Wants to ‘Go National’

The two spent many long nights, Adams recalled, working in the makeshift composing room consisting of drafting table, light table, word processor, stacks of magazines and books, rulers, pens, pencils and paste pots in a spare room of Aziz’s home on Foothill Boulevard. And, as Aziz gathers together copy for a second issue of Moving Forward to be published in January, he is dreaming of “going national.”

“It’s an obsession,” explained Aziz, who was paralyzed from the chest down in May, 1983, after he dived into shallow water off a dock on the Colorado River and hit his head on a sand bar. “It’s not the money. It’s not the prestige of being famous. It’s just to get information to people.”
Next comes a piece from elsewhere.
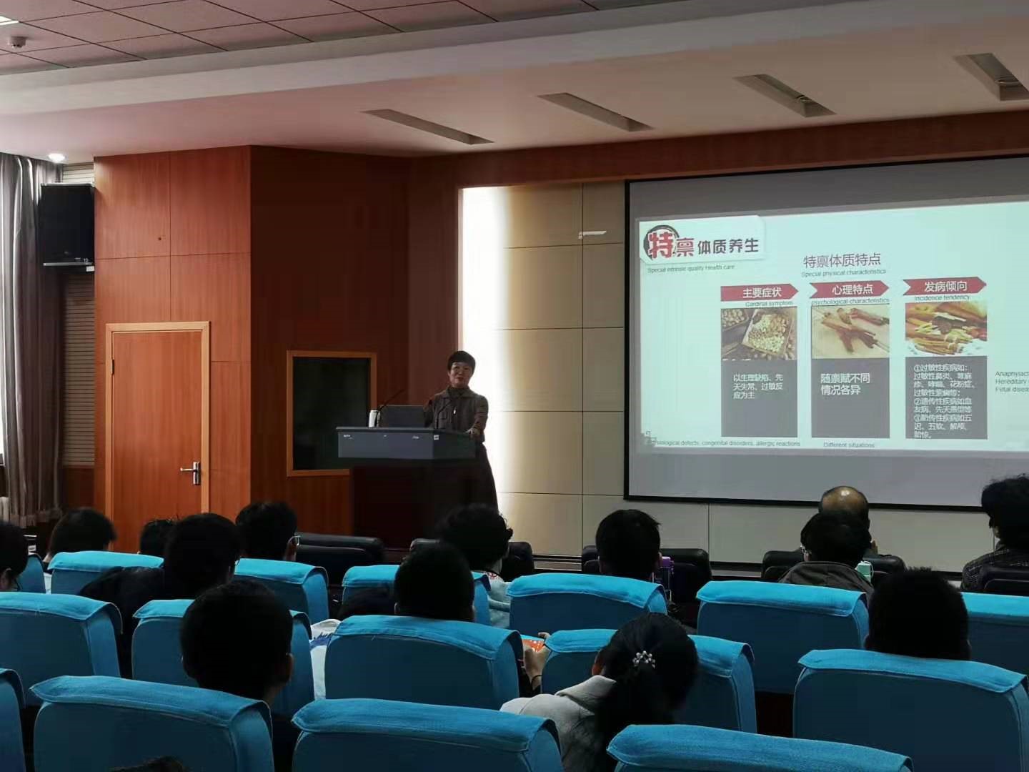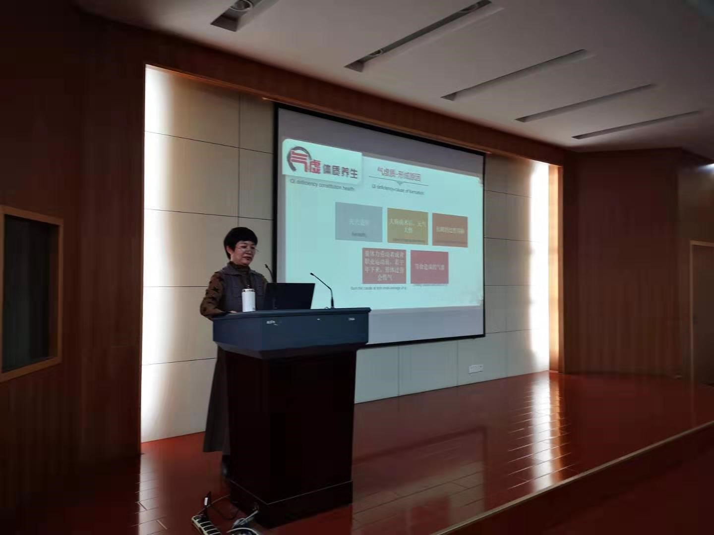 牛教授首先对中医历史和中医理论进行了详细的介绍,让师生们对中医的治疗方式和治疗理念有了清楚的认识,之后,牛教授重点介绍了中医九种体质,并就每种体质的养生方式进行了详细的介绍。

Moving Forward is an outgrowth of Aziz’s frustration in adjusting to his handicap and the problems of accessibility once released after six months at Daniel Freeman Memorial Hospital in Inglewood. “If you don’t have contact with a therapist that has a lot of information to give you, you don’t know where to go,” Aziz said. “You don’t know what to do.

‘It’s a Shock’

“It’s a shock to suddenly be handicapped. But it’s even harder to try to put your life back together once you’re released from medical care. Then you’re on your own.”

Aziz said the problem isn’t so much that the information isn’t available but that it is a chore to track down. Many publications that deal with the disabled, Aziz said, are often geared to a specific disability. He could find the answer to one question in one publication but would have to go to another source to answer a second question. There is no one source, Aziz said, that answers in detail the questions that people with different disabilities might share.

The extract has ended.